Current ownership and control restrictions, applied by most countries, deny carriers access to important sources of new capital. It is now time to address this issue more vigorously and to take the additional steps envisaged in the EU-US air transport agreement to liberalise airline ownership and control in order to allow airlines to consolidate and attract the investment they need. This should also be pursued at ICAO level, including at the March 2013 ICAO Air Traffic Conference. Cross-border consolidation, seen by many as a pre-requisite for a more economically sustainable airline industry, is severely restricted. In the US, for example, foreign ownership of airlines is restricted to 25% of voting stocks. In the EU, foreign ownership is, as a general rule limited to 49%. However, exceptions to this rule can be provided for in agreements between the EU and a third country, which is what the EU is seeking to do with key partners.

What are the main achievements of the external aviation policy so far?

1. Restoring legal certainty to bilateral air services agreements between EU Member States and non-EU countries by bringing these into conformity with EU law:

  • In total nearly 1000 bilateral air services agreements have been brought into legal conformity with EU law representing 75% of all extra-EU passenger traffic. Legal certainty is important both for EU and non-EU carriers.

  • Some 117 non-EU countries have recognised the principle of EU designation. Of these, 55 countries have agreed to amend all their bilateral agreements with EU Member States through Horizontal Agreements with the EU while the remaining countries have done so on a bilateral basis with individual EU Member States.

  • The necessity of restoring a sound legal basis for aviation relations with the EU has been accepted worldwide; with only a few exceptions this is no longer a real issue.

  • There is, however, still work to be done with a few important aviation countries, to complete the implementation of EU designation. These include India, China and South Korea and also South Africa, Kenya, Nigeria and Kazakhstan. Of these countries, it is only South Africa, Kenya, Nigeria and Kazakhstan which have not yet recognised the principle of EU designation at all.

  • These changes recognise the removal of national ownership and control restrictions on EU carriers as required by EU law. As a result, EU carriers can offer services from any EU Member State to non-EU countries, provided that designation rights and traffic rights are available under the relevant bilateral air services agreements.

  • Furthermore, mergers between EU carriers are recognised.
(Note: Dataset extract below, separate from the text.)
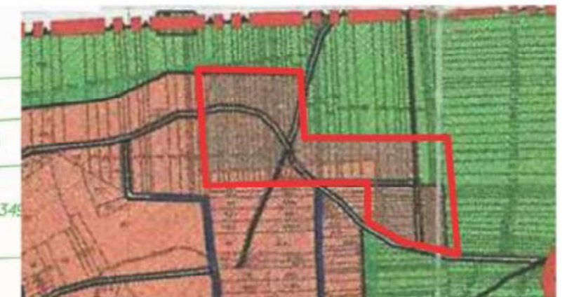
WYRYS ZE STUDIUM UWARUNKOWAŃ I KIERUNKÓW ZAGOSPODAROWANIA PRZESTRZENNEGO GMINY PORAJ

But above all, legal certainty to bilateral agreements has been restored which is important for all operators.

2. Developing a wider Common Aviation Area with EU neighbouring countries:

  • Solid progress has been made in developing a wider Common Aviation Area with neighbouring countries, with agreements already signed with the Western Balkans5, Morocco, Georgia, Jordan and Moldova and an agreement has been initialled with Israel. Negotiations are on-going with Ukraine and Lebanon, they are expected to start soon with Tunisia and Azerbaijan, and at some stage also with Armenia. The economic benefits for consumers resulting from the first of these agreements (Western Balkans and Morocco) have been estimated at more than € 3.5 billion between 2006-2011 in the case of the EU-Morocco agreement, with a massive growth in air traffic between the EU and Morocco and many new routes and carriers, resulting in more competition, choice and lower prices. There has been a real decline in passenger fares of around 40% since 2005. Similarly, the EU-Western Balkan agreement (the ECAA agreement) has generated a total economic benefit of more than € 2.4 billion between 2006 and 2011.
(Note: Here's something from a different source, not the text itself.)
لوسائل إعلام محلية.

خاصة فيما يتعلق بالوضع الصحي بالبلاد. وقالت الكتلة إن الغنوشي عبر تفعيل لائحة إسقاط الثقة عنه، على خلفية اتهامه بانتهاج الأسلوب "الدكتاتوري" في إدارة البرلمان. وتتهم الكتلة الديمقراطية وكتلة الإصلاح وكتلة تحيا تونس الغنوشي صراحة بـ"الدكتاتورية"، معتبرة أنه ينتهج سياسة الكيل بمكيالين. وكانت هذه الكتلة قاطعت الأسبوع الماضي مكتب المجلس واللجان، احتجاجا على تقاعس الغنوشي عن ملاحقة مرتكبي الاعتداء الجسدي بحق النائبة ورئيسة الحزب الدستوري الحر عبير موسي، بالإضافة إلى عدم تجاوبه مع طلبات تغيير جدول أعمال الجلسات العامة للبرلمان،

3. Negotiation of comprehensive air transport agreements with key partners:

The EU has negotiated comprehensive air transport agreements with a number of major partners (United States, Canada and Brazil). These comprehensive agreements aim at a combination of market opening, creating the conditions for fair and open competition through regulatory convergence, liberalisation of ownership and control of airlines and resolving "doing business" issues.
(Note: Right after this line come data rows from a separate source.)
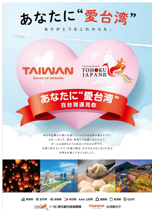
【キャンペーンポスター】
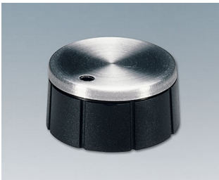
A1321260 DREHKNOPF, mit seittl. Schraubbefestigung PF schwarz/Alu 21x10mm 6mm
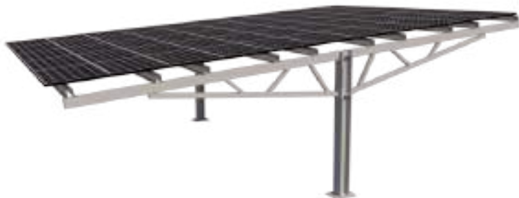
Model 1 - With Solar Panel
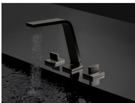
CL1_Dark Platinum matt_02.jpg

Die Variante der CL.1 in Dark Platinum matt verleiht der Form einen anderen, besonders skulpturalen Charakter

A first stage agreement with the United States was signed in April 2007 and a second stage agreement in June 2010. An agreement was signed with Canada in December 2009. A comprehensive air transport agreement was initialled with Brazil in March 2011 (signature pending).

The EU-US agreement has played a pivotal role in shifting international aviation agreements away from mere market access negotiations. For the first time, a major international agreement acknowledged that conditions for competition also needed to be addressed and harmonised to ensure fair competition. The EU and the US have developed a new template agreement which facilitates the role of aviation.

Background: What is a comprehensive aviation agreement?

Traditionally, aviation agreements have been negotiated only on a bilateral basis between two states and have typically been very restrictive regulating and limiting the number of airlines that can operate between two countries, to which cities and how often.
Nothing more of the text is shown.